Hexar AF reliability

Hexar AF reliability

  • No issues at all

    Votes: 39 41.9%
  • Had problems with shutter button

    Votes: 30 32.3%
  • Had other problems

    Votes: 9 9.7%
  • Fixed shutter problem by cleaning myself

    Votes: 22 23.7%
  • Yes, I would recommend the camera based on my experience

    Votes: 37 39.8%
  • No I would not recommend buying one based on my experience

    Votes: 3 3.2%

  • Total voters
    93
Mine died the same way also.

Could no longer be repaired even with jumping the circuit as described in the link above.
 
My Hexar AF has developed the sticky shutter problem. I understand how to fix it, but at my age I have what’s known as essential tremor, i.e., shaky hands, and so cannot do it myself. So, I’m looking for someone with experience who would be willing to do the repair, at whatever price seems agreeable. Any volunteers or referrals to folks who might do it much appreciated!
 
Fixing the shutter button if necessary is doable. And it's worth having to do it if it happens.

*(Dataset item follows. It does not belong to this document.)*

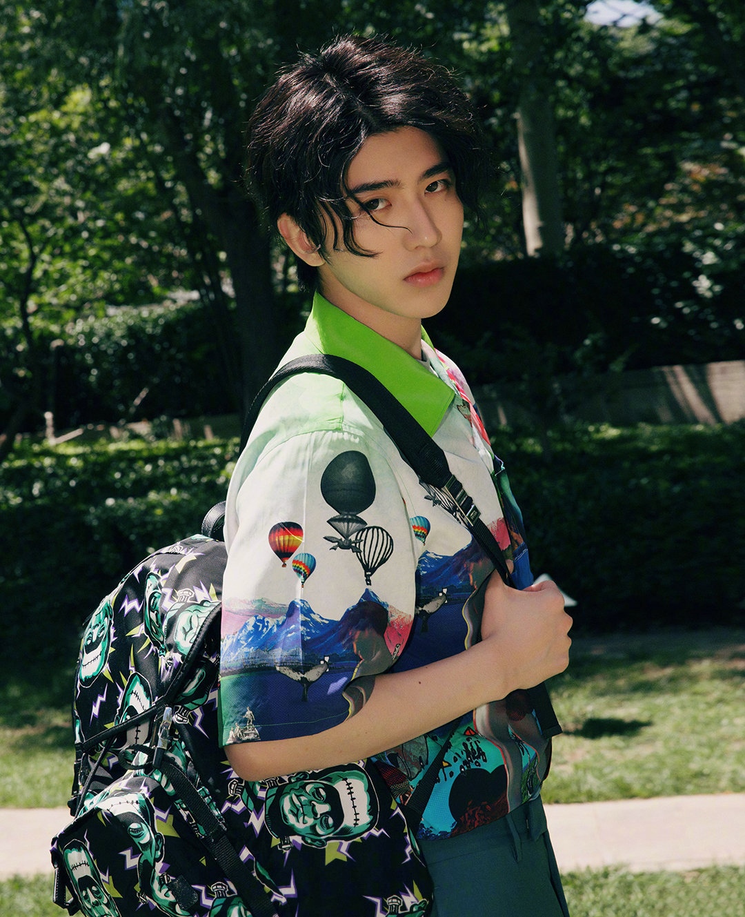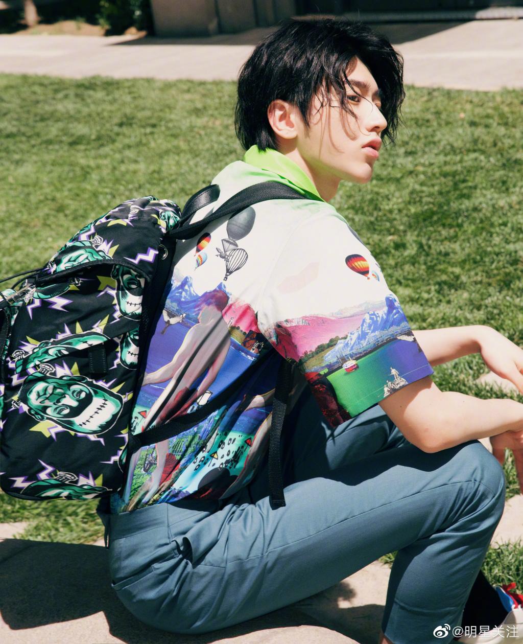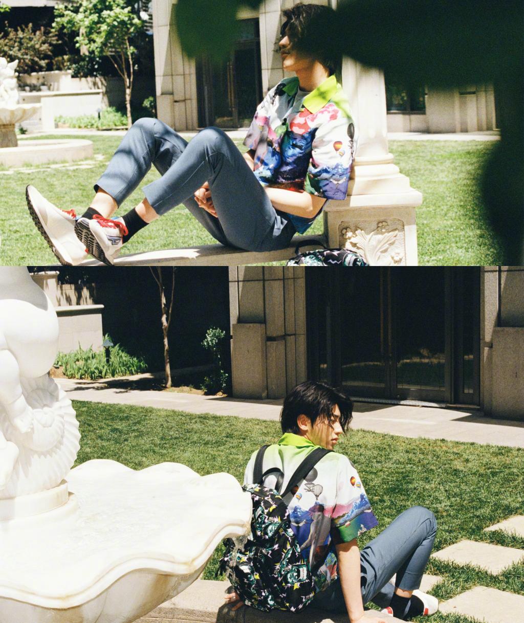 图集介绍:蔡徐坤最新清新大片,身着Prada2019春夏系列搭配印花双肩背和白色运动鞋,阳光下的文艺boy,这样的小哥哥你pick吗?

My encomium from nearly 8 years ago, in a thread entitled "Konica Hexar AF: Is this thing real?":

It almost is not real, or at least not believable. And the engineers at Konica who designed it are not quite merely human. Some choose to reject this camera on hearing of its top speed of 1/250s. Fools. It can be used in many flexible ways. If you shoot wide open indoors the LCD shows the shutter speed when you depress the shutter button. If you then walk into bright sun and leave it on f2, the next shutter press shows f11, not a shutter speed. That is code for: "Please excuse me but you have selected f2 on the aperture dial, and you are shooting 400 ISO film, which you have rated at 320, so we must stop down the lens and shoot at 1/250s. Sorry. Hope it's OK with you." If in P mode you have set a minimum shuttter speed and you've selected f11, again the camera's ingenious software selects a wider aperture: "Sorry, but you may have forgotten your minimum selected shutter speed: we have had to open the aperture." I've already alluded to manual ISO selection, overriding the built in auto selection. Then there's the silent mode, where your subject can't hear the shutter or the advance. And neither can you. Then there's the fixed infinity focus selection, and the manual focus fixed distance, useful when getting the IR AF past relfective windows. And I still haven't got onto the offering at A mode.....And it's beautifully made. As a Leica M film user at the time I bought mine, from RFF classifieds, I was ready to enjoy the above benefits at the expense of a flimsier than Leica build standard, but I experienced no such thing.

I have the two sides of the Quick Reference instructions in my iPhone to check the less commonly used button combinations for all this cleverness.